I like poster presentations because you get a chance to interact with a large number of people, as opposed to oral presentations, where aside from a few questions it’s largely a one-way lecture. This way, I got to see people do a double take when they saw the paired NOAA and Greenpeace logos on the poster. For those that read the conclusion, they saw that we – that’s Greenpeace and NOAA – "recommend that canyon coral habitats be prioritized for protection and that additional research is undertaken to fully document the sensitive habitats in the region."
Our findings also included several coral species that were previously unrecorded in the Bering Sea, as well as others that had never been found so far north. Five corals were described as "common" or "abundant in one or both of the canyons we visited. In all, we found at least fourteen species.
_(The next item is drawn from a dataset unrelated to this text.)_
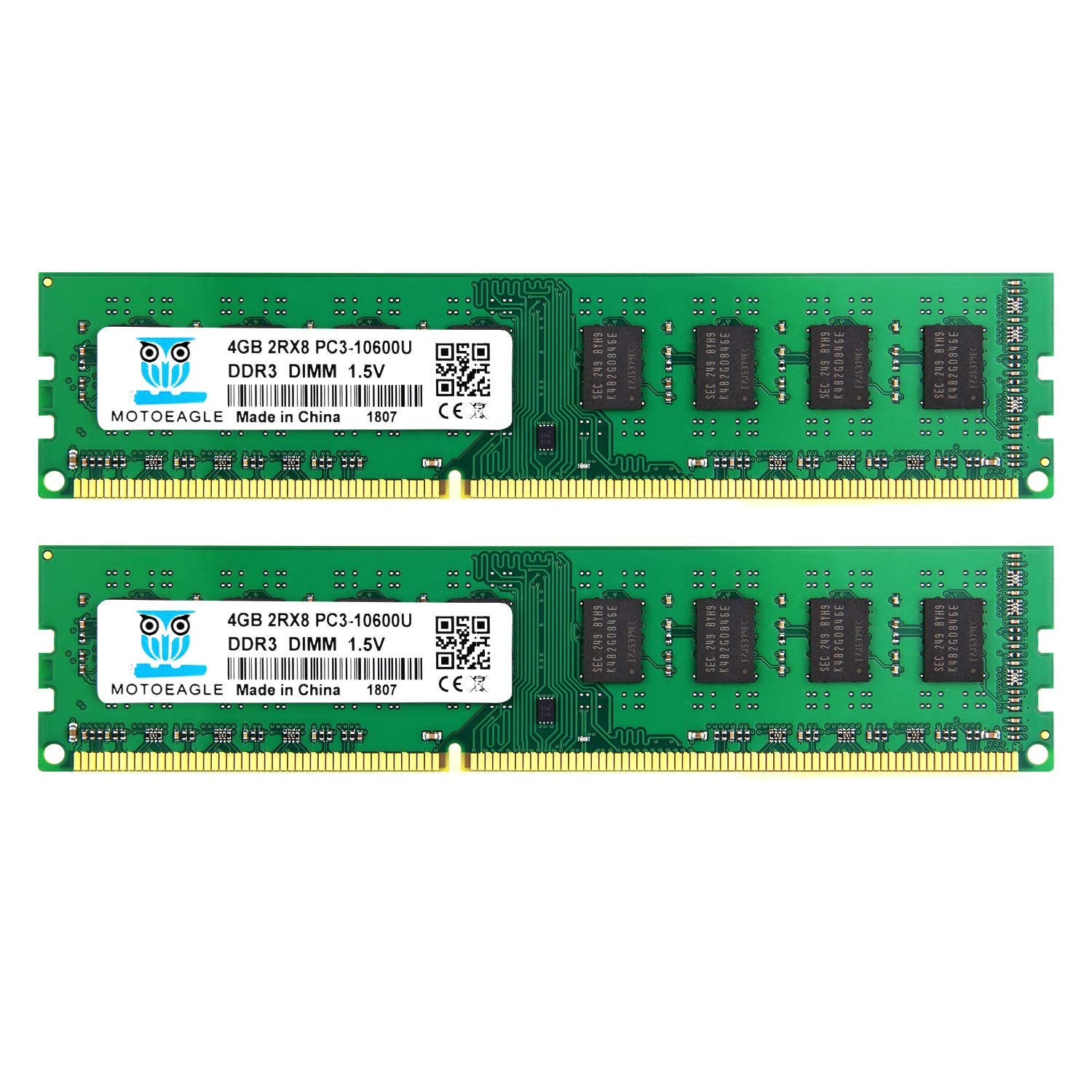 Motoeagle 8GB Kit (2x4GB) PC3 10600U DDR3-1333MHz 10600 PC3 4GB DIMM RAM 2Rx8 Unbuffered Non-ECC 1.5V CL9 240-Pin Desktop Arbeitsspeicher

Michelle Ridgway teamed up with legendary geologist David Scholl for a keynote presentation linking the physical structure of the canyons with the ecology of these highly productive features. Of the more than 600 scientists, policy makers, and industry lobbyists who attended the Symposium, I think it’s safe to say that nearly all of them have a better understanding of the importance of the canyons than they did a week ago.
Meanwhile, the canyons will continue to face heavy fishing pressure until policy makers act to protect these vulnerable habitats. How much more damage will be done in the meantime?